NITRIC OXIDE-RELEASING PRODRUG MOLECULE

Provided are a type of compounds that can be used for treating cardiovascular diseases and compositions containing the compounds. The compounds and the compositions can improve lipid metabolism disorders by increasing high-density lipoprotein cholesterol in blood; in addition, the compounds and the compositions can also release nitric oxide, and reduce the onset risk of cardiovascular diseases by means of relaxing blood vessels, lowering blood pressure, inhibiting platelet adhesion and aggregation and maintaining vascular tension, and thus play an important role in preventing and treating the occurrence and development of cardiovascular diseases.

Structure-based design, synthesis and in vitro antiproliferative effects studies of novel dual BRD4/HDAC inhibitors

Histone acetylation marks play important roles in controlling gene expressions and are removed by histone deacetylases (HDACs). These marks are read by bromodomain and extra-terminal (BET) proteins, whose targeted inhibitors are under clinical investigation. BET and HDAC inhibitors have been demonstrated to be synergistically killing in Mycinduced murine lymphoma. Herein, we combine the inhibitory activities of BET and HDAC into one molecule through structure-based design method and evaluate its function. The majority of these synthesized compounds showed inhibitory activity against second bromdomains(BRD) of BRD4 and HDAC1. Among them, 16ae presented anti-proliferative effects against human acute myelogenous leukemia (AML) cell lines in vitro, and 16ae is confirmed to reduce the expression of Myc by Western blot analysis. Those results indicated that 16ae is a potent dual BRD4/HDAC inhibitor and deserves further investigation.

Used for the prevention and treatment of cardiovascular diseases

The invention relates to compounds that can be used for adjusting the expression of apolipoprotein A-I (ApoA-I) and usage of the compounds in treating and preventing cardiovascular diseases and related diseases, including the disorder related to cholesterol or lipids such as atherosclerosis.

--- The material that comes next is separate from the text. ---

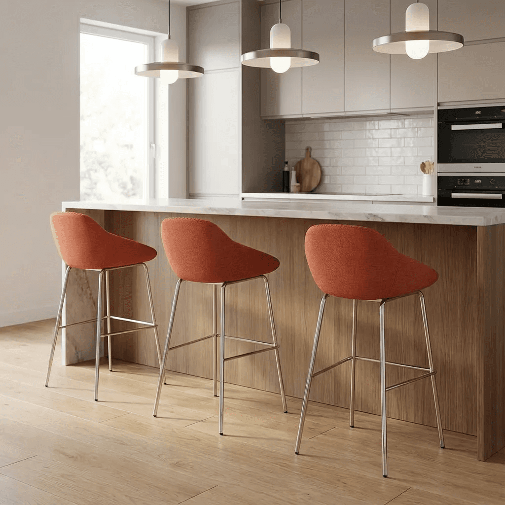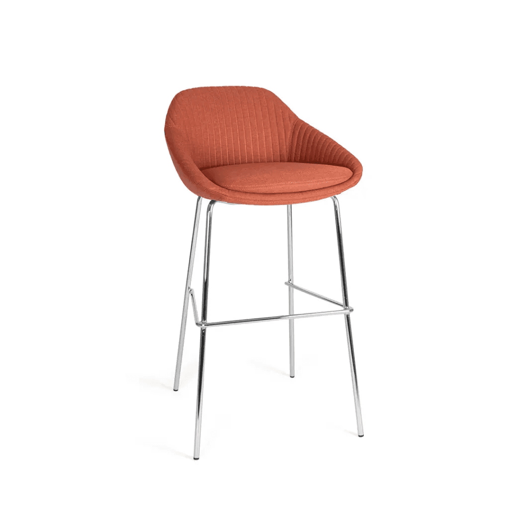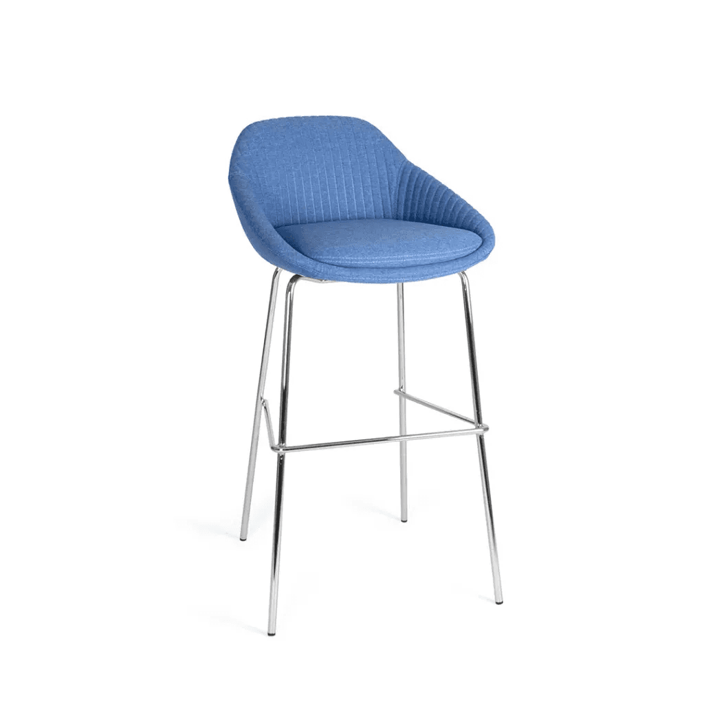 Silla alta con base metálica y asiento acolchado tapizado en tela de color a elegir, pensada para barras de cocina, restaurantes y áreas sociales modernas. Su estructura tubular de acero ofrece estabilidad y resistencia, mientras que el respaldo alto proporciona comodidad en usos prolongados.

PROCESSES FOR THE SYNTHESIS OF 2-AMINO-4,6-DIMETHOXYBENZAMIDE AND OTHER BENZAMIDE COMPOUNDS

This invention provides a method for the synthesis of a 2-amino-4,6-dimethoxybenzamide and other benzamides of Compound I: wherein R1, R2, R3, and R4 each independently represent a hydrogen, a C1-C6 alkyl, or a C1-C6 alkoxy; and wherein R6 and R7 each independently represent a hydrogen, a C1-C6 alkyl, a protecting group, or a directing group.

TREATMENT OF DISEASES BY EPIGENETIC REGULATION

The present disclosure provides non-naturally occurring polyphenol compounds that inhibit the bromodomain and extra terminal domain (BET) proteins. The disclosed compositions and methods can be used for treatment and prevention of cancer, including NUT midline carcinoma, Burkitt's Lymphoma, Acute Myelogenous Leukemia, and Multiple Myeloma; autoimmune or inflammatory diseases or conditions, and sepsis.

COMPOUNDS FOR THE PREVENTION AND TREATMENT OF CARDIOVASCULAR DISEASES

The present disclosure relates to compounds, which are useful for regulating the expression of apolipoprotei? A-I (ApoA-l), and their use for the treatment and prevention of cardiovascular disease and related disease states, including cholesterol- or lipid-related disorders, such as, for example, atherosclerosis.